The knowledge that someone could help you tap in to parts of yourself that were previously unearthed or growing cobwebs due to how ignored they’d been is like discovering a new universe of possibility within yourself. A job can’t do that, work only exists to break you down and turn the things you love into monotonous routine. Every job or gig I’ve ever had has made me feel like a robot, decaying under the weight of expectation and capitalist desire. To experience another person on your wavelength, a chemistry that weaves together so effortlessly as to feel like one body feels like tapping into your full potential. I may never get a chance to feel like that again but at least I did once. I know what is worth chasing.

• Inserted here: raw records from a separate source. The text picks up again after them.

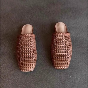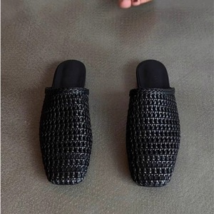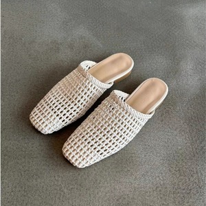 ソフトレザーバージョン~2025年新作女性用編み込み中空つま先ハーフスリッパ、夏用フラットソールスクエアトゥファッショナブルなスリッパ、怠け者用。
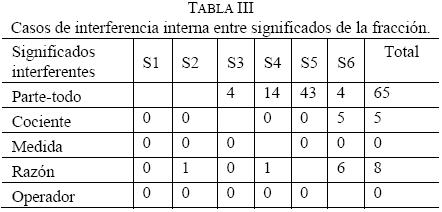 El modelo establece el vínculo 'situaciónfracción', que garantiza la superación del fenómeno de interferencia externa. La condición siguiente para la comprensión, establece el empleo de aquel significado de la fracción que le es propio a cada situación. El estudio empírico exhibe que esta condición no siempre se cumple y surge entre los participantes el fenómeno de interferencia interna. Los resultados presentados en la tabla II muestran la presencia de este fenómeno en el desempeño de los estudiantes, en 78 respuestas. Con el fin de ahondar en este tipo de respuestas, en la tabla III se describen con más detalle los diferentes casos de interferencia entre significados de la fracción, junto con las frecuencias absolutas registradas en la prueba. Se identificaron ocho casos diferentes de interferencia interna, producidos entre los significados: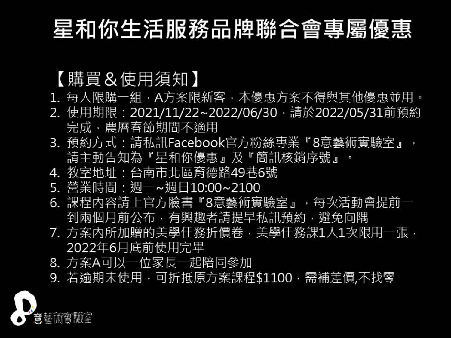 3. 預約方式:請私訊Facebook官方粉絲專業『8意藝術實驗室』,請主動告知為『星和你優惠』及『簡訊核銷序號』。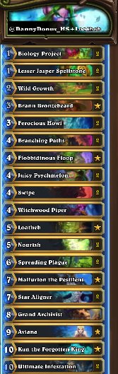 Deck is just silly. After trying out several builds in wild, I caved and played the best deck in the format. Credit to the original build from @IntoTheWildHS from @DannyDonuts_HS . The only change I made was an Ancient Brewmaster for a Loatheb as it's a better standalone card.pic.twitter.com/veq4uLNTm1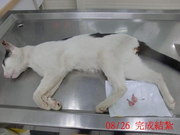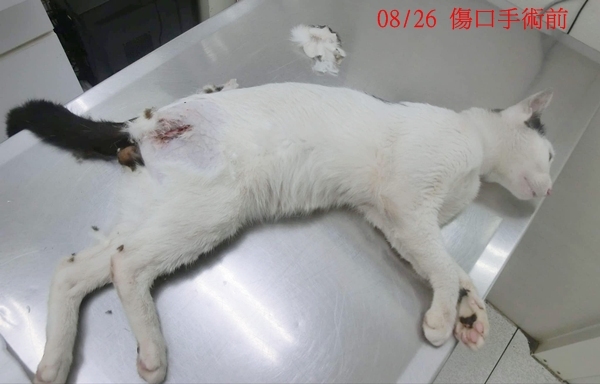 8月26日醫師為黑白公貓咪進行檢查,全套血檢、二合一檢查、x光檢查,傷口一個洞蠻深的已潰爛,血檢顯示可能因疼痛引起血糖升高及有發炎現象,二合一檢驗為陰性,隨後進行手術清創縫合傷口、並同時完成結紮,術後讓貓咪留院以觀察傷口恢復情況及休養。

I worry about how lonely everyone is. Between the pandemic and the capitalist mindset of looking out for self at the expense of others to gain success, we’re more alone and not coincidently, we are more miserable than ever. Connecting with people matters for our survival, it’s to our benefit. I am not exactly extroverted but I understand that community plays a role in how we feel about ourselves. Everyone needs to be loved and more importantly, they need to learn how to love. We are gonna need it to get through this.